Ben Stein's Latest Conspiracy Theory
September 23, 2008
– Comments (6)
Sigh. I used to think Ben was OK. But no longer.
This is the same knucklehead who said the current banking problem wasn't big enough to have much effect on the economy. He's the one who was telling people to buy banks stocks. Today, he's issuing a "my bad," but has it completely wrong.
The problem, he says, was credit default swaps, and the amount of money "speculators" stood to make if these went bad.
The crisis occurred (to greatly oversimplify) because the financial system allowed entities to place bets on whether or not those mortgages would ever be paid. You didn't have to own a mortgage to make the bets. These bets, called Credit Default Swaps, are complex. But in a nutshell, they allow someone to profit immensely - staggeringly - if large numbers of subprime mortgages are not paid off and go into default.

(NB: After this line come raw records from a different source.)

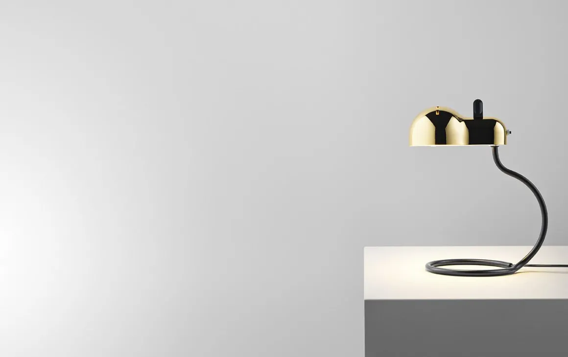 Minitopo est un fascinant objet d’inspiration automobile : les fentes de la coque rappellent les prises d’air des voitures de sport des années 1960, tandis que la forme de l’abat-jour correspond à l’enveloppe de l’ampoule classique E27 logée à l’intérieur, comme un corps sur le moteur sousjacent La forme qui en résulte fait penser à une souris, d’où le nom ironique. La lumière peut être librement dirigée par la poignée noire, la queue, placée sur le réflecteur.
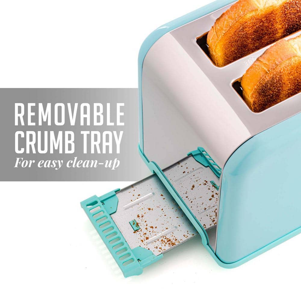 HADEN Heritage 1500-Watt 4-Slice Turquoise Wide Slot Retro Toaster with Removable Crumb Tray and Browning Control
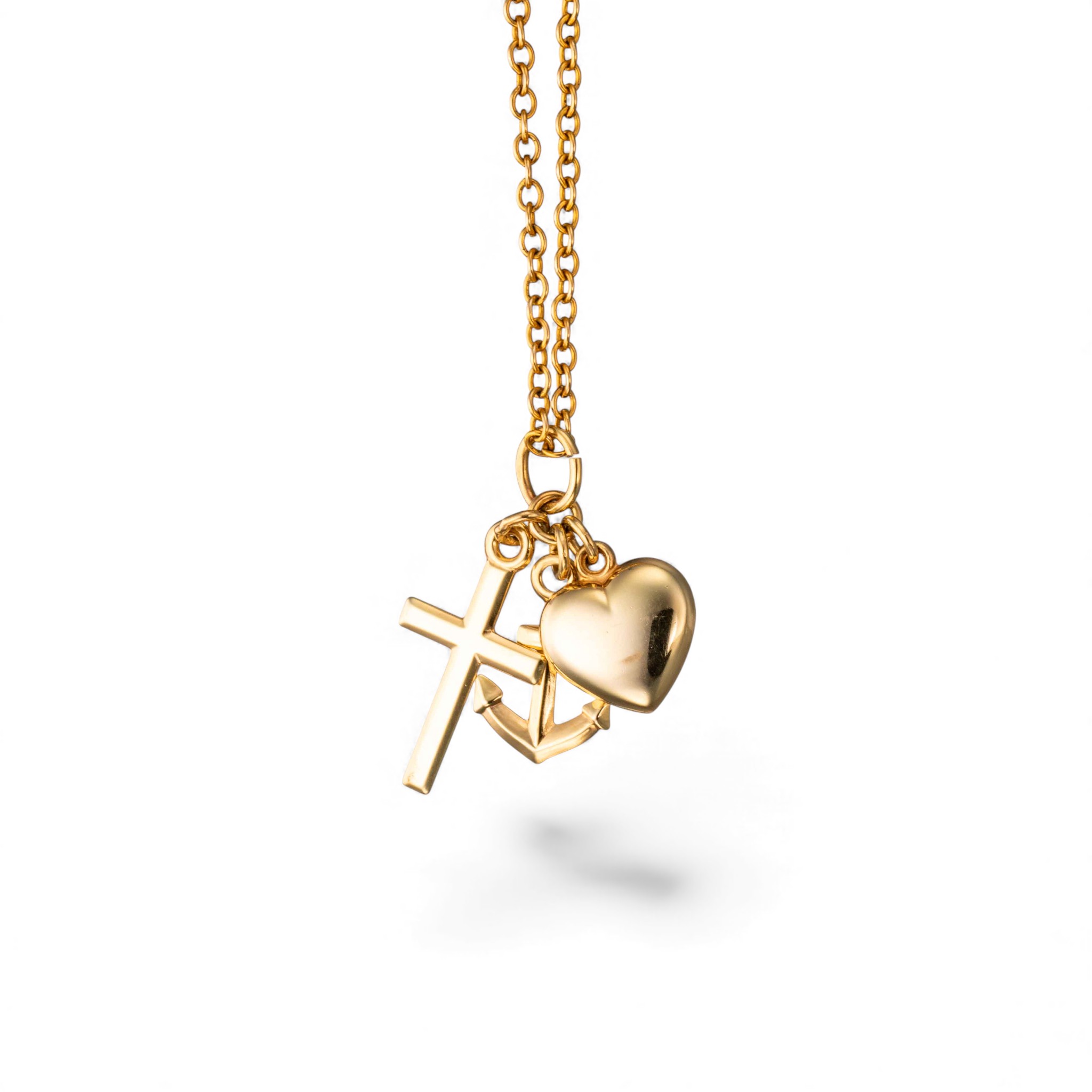 Tro – Håp – Kjærlighet anheng, charm, gult gull
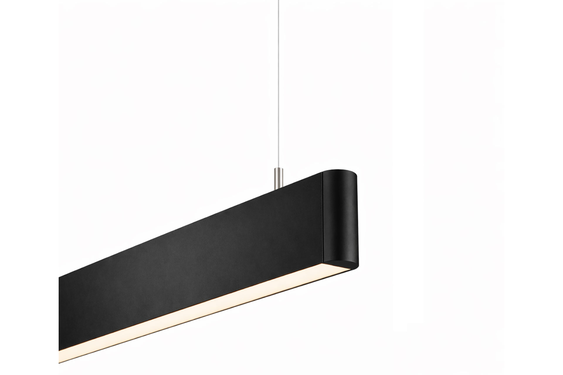 The anodised aluminium body ensures durability and material clarity, while softly rounded end caps temper the rigidity of the linear geometry. This detail refines the technical character of the profile and allows the luminaire to sit comfortably within both minimal and expressive architectural contexts.
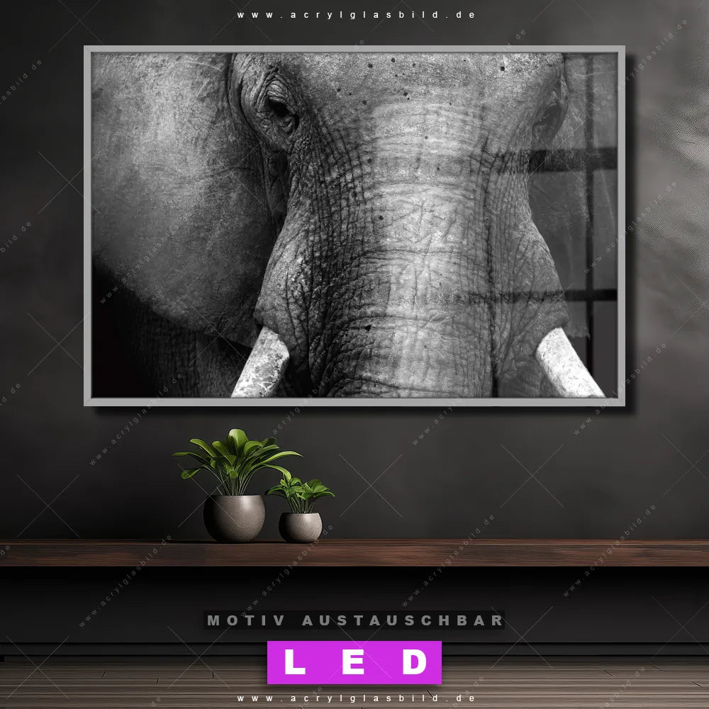 Mit unserem LED Acrylglasbild Canvalight® DIA Elefantenkopf und seiner genialen LED-Ausleuchtung wirst du nie wieder im Dunkeln auf deinem Sofa herumtappen. Wenn du nach einem beleuchteten Wandbild aus Acrylglas mit Afrika, wild, Safari, Tier, Elefant für Arzt - Praxis, Bar - Gastronomie, Büro - Kanzlei, Wohnzimmer - Schlafzimmer suchst, ist unser LED Leuchtbild Nahaufnahme Elefant in den beeindruckenden Motiv-Farben Weiss, Schwarz genau das richtige beleuchtete Wandbild für dich. Gestaltet im Natürlich - Realistisch, Schwarz - Weiss Stil, passt dieses LED Wandbild mit DIA-Klapprahmen und glänzender Front aus Acrylglas perfekt zu jedem Einrichtungsstil – sogar zu deinem chaotischen kreativen Durcheinander!
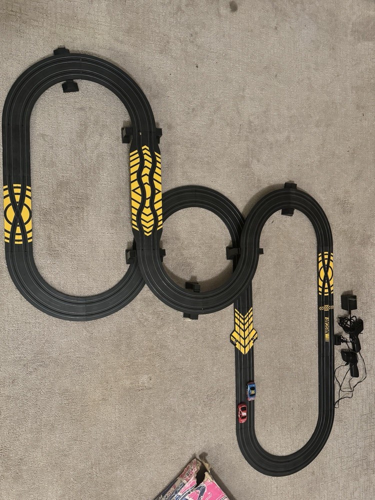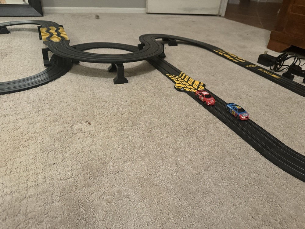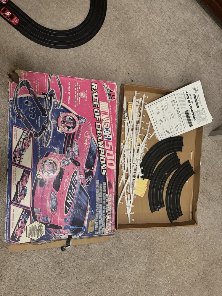 Life-like NASCAR 500 race of championship comes complete ready to run with two cars. Also see the pictures there’s three extra pieces of track runs good no longer need. You have any questions please feel free to message me thank you and have a good day.
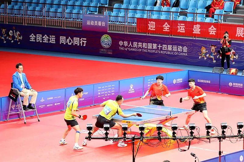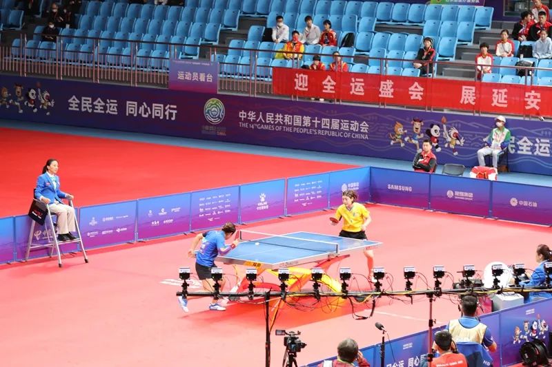 据悉,本次十四运会乒乓球赛共设置男团、女团、男单、女单、男双、女双、混双七个小项,产生7枚金牌,有来自全国各省、自治区、直辖市以及香港、澳门特别行政区的23支代表队共计189名运动员参赛。更值得一提的是,本次十四运会乒乓球比赛由陕煤集团冠名,作为十四运会的合作伙伴,陕煤集团还向十四运会组委会赞助1亿元,包括7000万元现金和3000万元实物,“禹龙”钢材和“枣悦”果汁成为十四运会官方指定品牌。当晚比赛开赛前,比赛现场还播放了陕煤集团宣传片,比赛前的热场中,为现场幸运观众赠送了“枣悦”果汁。
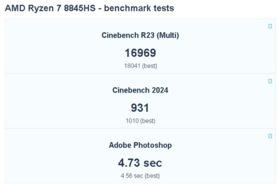 AMD Ryzen™ 7 8845HS (8C / 16T, 3.8 / 5.1GHz, 8MB L2 / 16MB L3) |
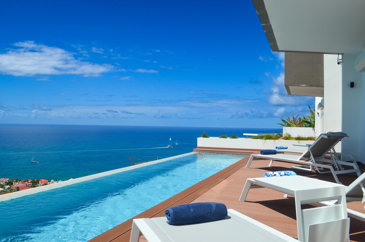 * 200 m² loftas * Išskirtiniai vaizdai į jūrą * Privatus baseinas * 250 metrų iki mažo paplūdimio Galisbay * Terasa su gultais, sodo baldai, sodo baldai, lauko stalas ir kepsninė * Rašomasis stalas * 100 Mbps Wi-Fi * Televizorius su tūkstančiais kanalų iš viso pasaulio * 250 m pėsčiomis iki Marina Fort Louis de Marigot * 5 min. pėsčiomis nuo Marigot miesto centro su restoranais, parduotuvėmis ir kitomis parduotuvėmis. * 5 min. kelio nuo prieplaukos iki St. Barts ir Angilijos bei taksi stoties
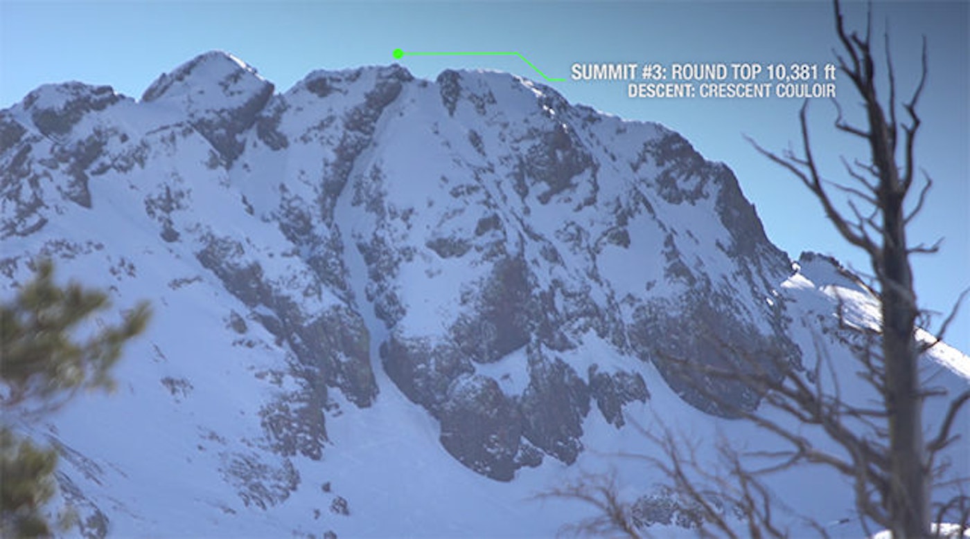 With the toughest descent out of the way, it was time to make moves toward the final two objectives. Red Lake Peak brought some much needed mellow terrain. The face does feature plenty of cliffs and steep chutes, but with daylight running out, the Tahoe Ten team chose the quickest descent down the mountain.

The profit can be wildly out of proportion to the real amount of defaults, because speculators can push down the price of instruments tied to the subprime mortgages far beyond what the real rates of loss have been. As I said, the profits here can be beyond imagining. (In fact, they can be so large that one might well wonder if the whole subprime fiasco was not set up just to allow speculators to profit wildly on its collapse...)
In blaming "speculators" who bet against those mortgages -- as he has done in the past -- he is simply blaming flies for the cowflops. He ignores the real problem, which is that this kind of "insurance" against derivative failure was issued by all sorts of entities that did not have the capital cushion to make good on the losses if/when they came. That set the stage for cascading defaults, and with the "insurance" on so many credit instruments being worthless, the value of the underlying, over-leveraged junk bonds becomes worthless too.
The problem with this wasn't the money people stood to make if things went bad, it's the money people thought they could continue to make by betting that all those lousy mortgages would end up good. The derivative swaps were supposed to have taken away the risks on this stuff, but instead they only camouflaged it, and made it possible for speculators (Bear, Lehman, Fannie, Freddie, Countrywide, et al.) to pretend that their packaged mortgage bonds were all fine.
And the inability of the derivative market to actually insure these mortgage-backed securities against default is precisely why Paulson, Bernanke, and Bush are trying to bum-rush all of us into buying this toxic junk now.
The problem was speculation, all right. But Stein's blame-o-meter is 180 degrees off. It was years of real estate speculation that led to the collapse, not the small group of folks who bet against its sustainability.